3. Demonstrate product offerings
- Obviously more suited to retail businesses: video live-streaming provides a terrific opportunity to talk about a product, not in a cheap promotional way but rather by educating viewers on its finer points. Not so much product demonstration but along similar lines: a fashion house could give viewers a sneak preview of its latest shipment of merchandise, a bookstore owner could chat about some new releases just in, or a travel agent could discuss some new holiday packages they’ve just put together.
4. Make official announcements or launch campaigns
- Is your organisation about to launch a new campaign? Live stream it! This is especially relevant for nonprofit organisations that are about to launch a new fundraising program, for example, or maybe a public think-tank or professional association has just announced it is going to campaign on some emerging issue. Has your firm just released some new research findings or published a report on a particular trend or issue? Record a live stream with your nominated spokespeople.
5. Broadcast live from events you run
- Do you organise events such as client breakfasts or seminars? Live-stream the speakers as they present, or the panel discussion if you have one. Open up the conversation that’s taking place in the room in real time. If your events are more of an exclusive nature, maybe record some live vox pops early in proceedings or brief snatches throughout the course of the event to ratchet up non-attendees’ FOMO levels.
6. ‘Ask me anything’/Live Q&As
- These question-and-answer sessions really could be anything relevant about your business, as long as you’re addressing questions people frequently ask. For the adventurous leader or company founder, you could go down the ‘ask me anything’ route, either generally – a bit scary doing this, but can be very effective in building trust and connection – or simply stick to specific topics or themes. For example, imagine some new legislation has just been enacted that will have a profound impact on your industry – get your leaders and/or relevant subject matter experts out there discussing the issue live, in public, in real time. Encouraging questions from viewers will enhance the levels of engagement.

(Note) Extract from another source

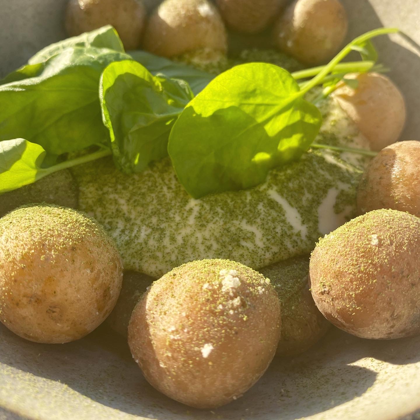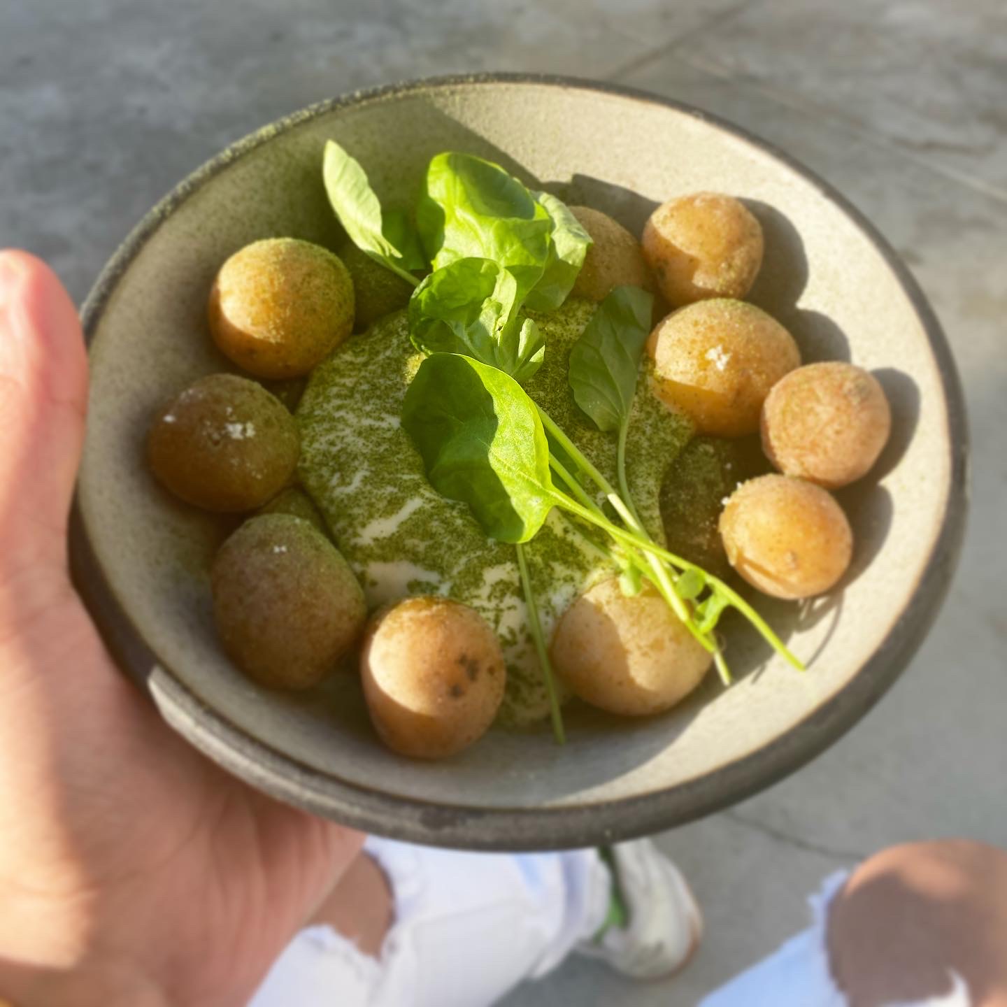 With a love for potatoes and potato characters, I opted for a main course with poached egg, baby potatoes, smoked dates and greens. The potatoes were truly the star, multicolored with their skin and melting into the sweet smokiness of the dates, like a Scandinavian spring bite. The poached egg added the nutritional and the moisture, almost unlike an egg but more of a sauce, making it a game-y munch offset with green finery.

Why do I like video live-streaming?
I think the fact it’s live – raw, authentic, unvarnished and unedited – makes video streaming a powerful form of human communication. I know the rawness of live streaming will understandably worry some people, especially those in marketing and communications who are used to controlling the message, but I think we need to start overcoming such roadblocks in our content-led communications. It is 2019 after all!
And for those who believe people don’t like watching video that’s not slickly produced, think again! There’s ample proof online to show that unpolished video, whether it’s live or recorded, is massively popular with your everyday punter.
Will video live-streaming take over from some of the other powerful communication methods we’re seeing out there i.e. Facebook advertising, blogging or podcasting, webinars, live events, email or YouTube video? I doubt it. I think live-streaming is an excellent adjunct to those activities in that it adds a powerful real-time human dimension to a company’s marketing and therefore a great way to differentiate your brand from the competition, but only if done with deep conviction and strategic intent.